Wednesday, December 06, 2017

Jay Mathews' Sisyphean Defense of KIPP

Even as the drumbeat grows louder each day against the dehumanizing "no excuses" charter reform schools, the Washington Post's Jay Mathews holds out in his cushioned cell of corporate reportage that is designed to intercept and deaden any protest against Jay's favorite billion dollar corporate welfare charity, the KIPP Foundation. 

For Jay's skinny-ties-and-white-socks generation of old privileged white guys, the allure of the KIPP Model has always been KIPP's false promise to dissolve the education problem of the disadvantaged without the need to implement expensive, unpopular (among whites) social and economic interventions that acknowledge poverty as a systemic cause for education deficits.  Following a long tradition of racist social policy, the KIPP Model treats the multitudinous manifestations of poverty as resulting from cultural and character deficiencies among the poor, which must be stringently treated with abrasive behavioral solvents that break down the nasty residues left by poverty.  In other words, cleanse the children's character/culture, rather than doing something about ending child poverty.
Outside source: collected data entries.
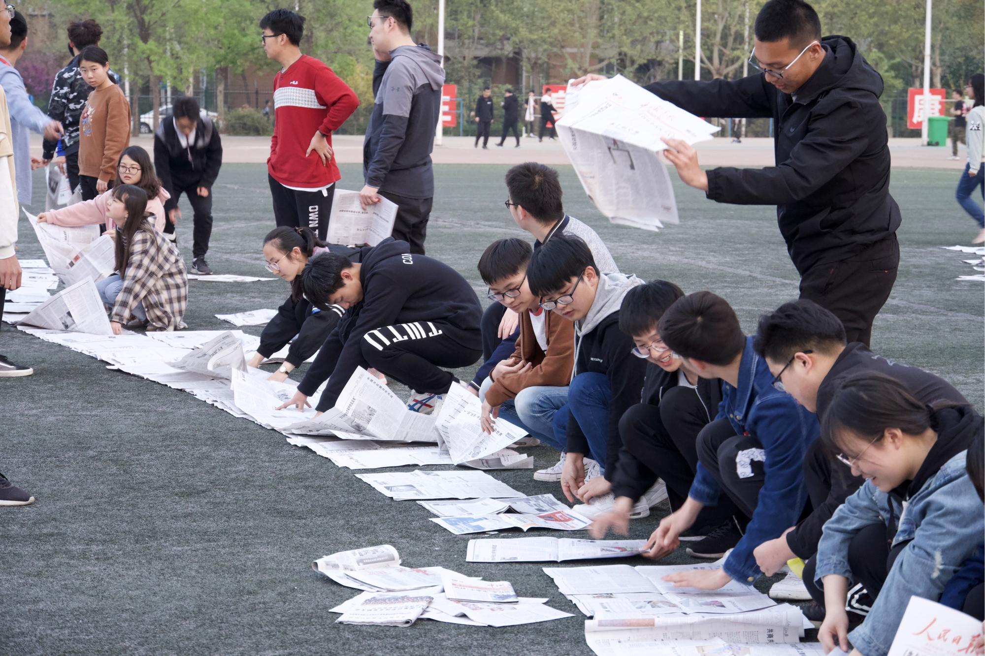随后,为促进学员相互认识了解,强化团体建设和集体意识,组织部工作人员带领学员分成四组,进行了一系列有趣的破冰活动。具体分为报纸带竞速和穿越呼啦圈两个项目。报纸带竞速为各支队伍站在制作好的报纸履带内行进。穿越呼啦圈则为队员通过身体配合将呼啦圈从右臂套至左臂进而接力传送。现场愉快激烈,学员们积极协作,收获了友谊,凝聚力、归属感也得到了极大的提高。
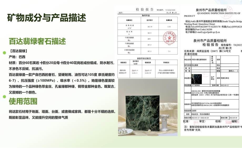 泉州时奇石业是一家集矿山、工厂、大板、展厅为一体的专业石材供应商。 一万多平方加工场地、14台红外线全自动线条机、雕刻机、水刀、24小时对外加工。 承接小区、酒店、会所、别墅等石材精装工程。 ? 您只需给我们一次机会,我们将还你一项优质工程。 我们本着“质量保障,讲求信誉,恪守合约,热忱服务,互利互惠共同发展”的企业精神,真诚欢迎石材业精英共同协作、携手前进,力求辉煌! 欢迎各地客户来人来电,洽谈订货及合作事宜。 ? 工厂地址:泉州水头滨海工业区院下时奇石业 大板销售地址:滨海大道南升市场6号门C23【绿色奢石】百达翡绿 ? 13859765964时 18965643777方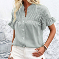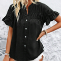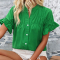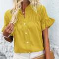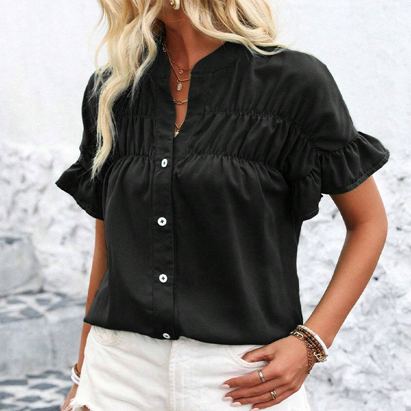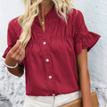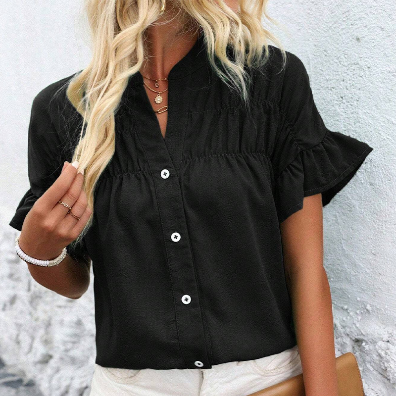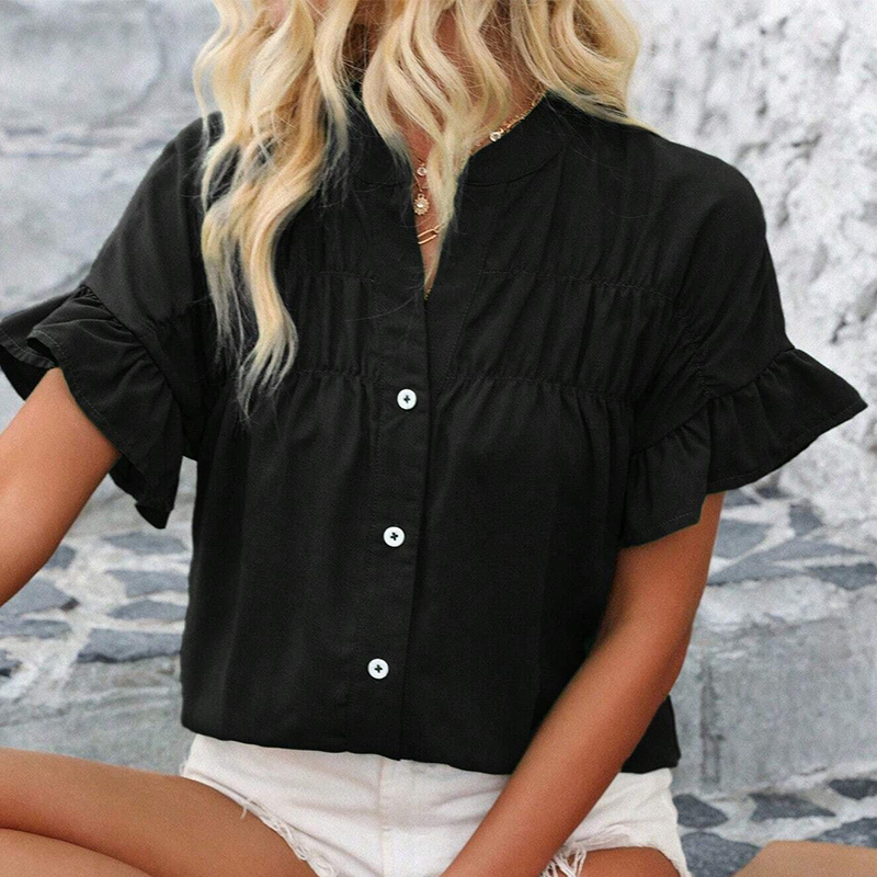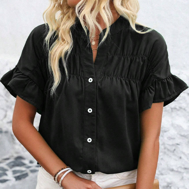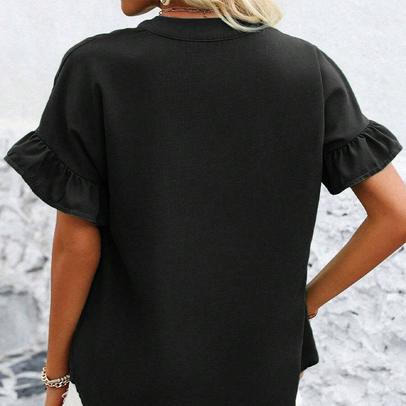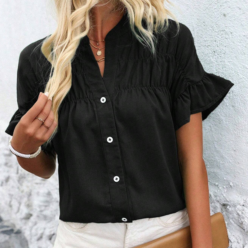 FLARE SHORT SLEEVES & LOOSE FIT- Designed with flared short sleeves, this top is refreshing and comfortable, perfect for summer. The ruffle detail adds an elegant touch, making it both stylish and practical.

The KIPP Model's miseducative and racist whitewash is implemented by white-girl schoolteachers who are marginally prepared and tyrannically managed by white male overseers.  Whether employed by Success Academy or KIPP or Uncommon Schools one of the other KIPP knock-offs, the KIPP Model claims to wash away the cultural grime of the poor, thus leaving behind middle class versions of black and brown children whose character has been fortified by pipe dreams of Ivy League colleges that, unbeknownst to them, remain the inherited intellectual preserves of the elite.

When a new book appears that is critical of the KIPP Model's callous disregard for democratic values, humane treatment of children, and responsible public accountability for the billions of public dollars sent each year to the KIPP Model corporate hell schools, Jay is quick to spin, defend, and, otherwise, try to upend any such criticism, whether empirically based or logically argued.  He tried as much when my book came out last year (my responses here and here), and this week he has once again sprung to KIPP's defense following the publication this fall of another book that criticizes KIPP's dehumanizing and racist practices.

Try as he may, however, Jay has no way to refute the glaring fact that the KIPP Model embraces apartheid schooling for black and brown disadvantaged children.  In responding to the observation that KIPP is "segregated by design," Mathews whines this week that KIPPs are "mostly located in low income neighborhoods where children need better instruction." 

Indeed.  Schools using the KIPP Model are intent upon making the case that segregation and poverty don't matter, and that test scores can be wrung out of the poorest and most isolated communities, thus proving that working harder and being nicer are all that is required to upend generations of institutional racism.  KIPP, in fact, goes looking for these poorest communities when deciding upon new KIPP locations.  For in poor communities of color, KIPP encounters the least resistance to inhumane practices that middle class parents would never allow, and in the poorest communities KIPP managers encounter minimal amounts of oversight and accountability.  There they have free rein to impose their draconian and corrupt experiments.

It is in these poor communities that KIPP is free to exercise its extreme paternalism and zero tolerance programs that require total compliance among children and parents, where the goals of intellectual and ethical development are displaced by a rigid and isolating corporate character training that places blame for society's most egregious moral failures of the past or future at the feet of the most vulnerable children who are expected to blame themselves should they fail to live up to KIPP's expectations.

At some point, we may assume that Jay will stop pretending that his feigned stupidity will protect him from the culpability that he shares in KIPPs' crimes against children.  Or maybe not.